What is expected: The lines from the one containing "The simplistic design" through the final line of the listing below are what the answer must repeat, exactly and only, leaving pictures out.

Supplied data:
####################

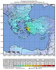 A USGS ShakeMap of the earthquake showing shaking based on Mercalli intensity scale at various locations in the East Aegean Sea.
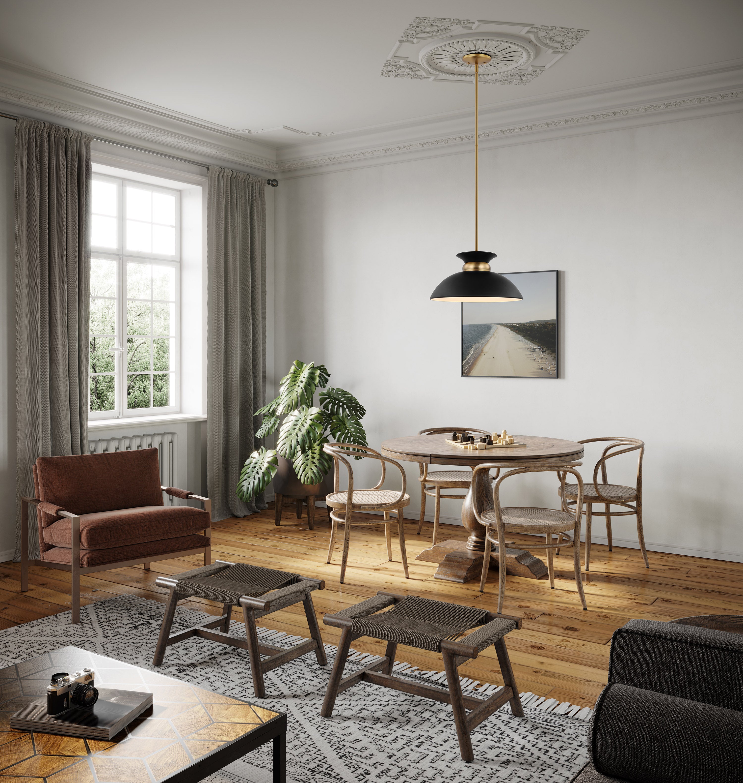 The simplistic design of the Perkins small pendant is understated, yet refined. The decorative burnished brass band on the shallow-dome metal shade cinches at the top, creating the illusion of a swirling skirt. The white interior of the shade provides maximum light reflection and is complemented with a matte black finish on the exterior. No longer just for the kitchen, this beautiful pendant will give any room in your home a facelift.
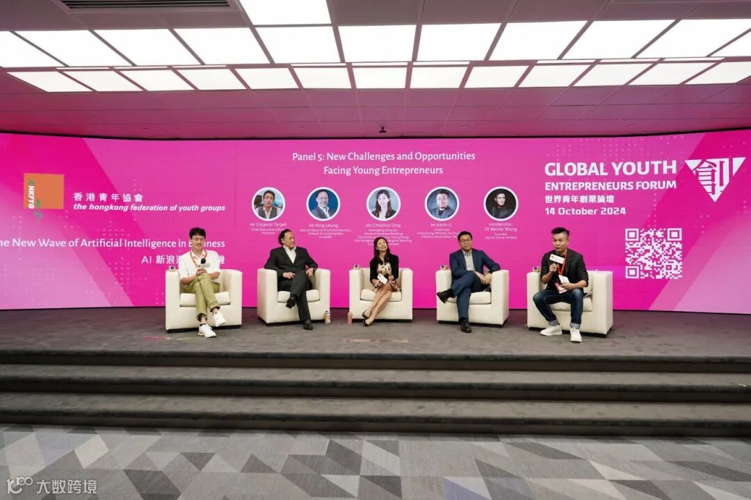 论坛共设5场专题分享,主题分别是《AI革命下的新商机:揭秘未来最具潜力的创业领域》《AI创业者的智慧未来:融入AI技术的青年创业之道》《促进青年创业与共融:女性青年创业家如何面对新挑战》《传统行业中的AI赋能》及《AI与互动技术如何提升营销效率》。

####################

Exercise solution:
 The simplistic design of the Perkins small pendant is understated, yet refined. The decorative burnished brass band on the shallow-dome metal shade cinches at the top, creating the illusion of a swirling skirt. The white interior of the shade provides maximum light reflection and is complemented with a matte black finish on the exterior. No longer just for the kitchen, this beautiful pendant will give any room in your home a facelift.
 论坛共设5场专题分享,主题分别是《AI革命下的新商机:揭秘未来最具潜力的创业领域》《AI创业者的智慧未来:融入AI技术的青年创业之道》《促进青年创业与共融:女性青年创业家如何面对新挑战》《传统行业中的AI赋能》及《AI与互动技术如何提升营销效率》。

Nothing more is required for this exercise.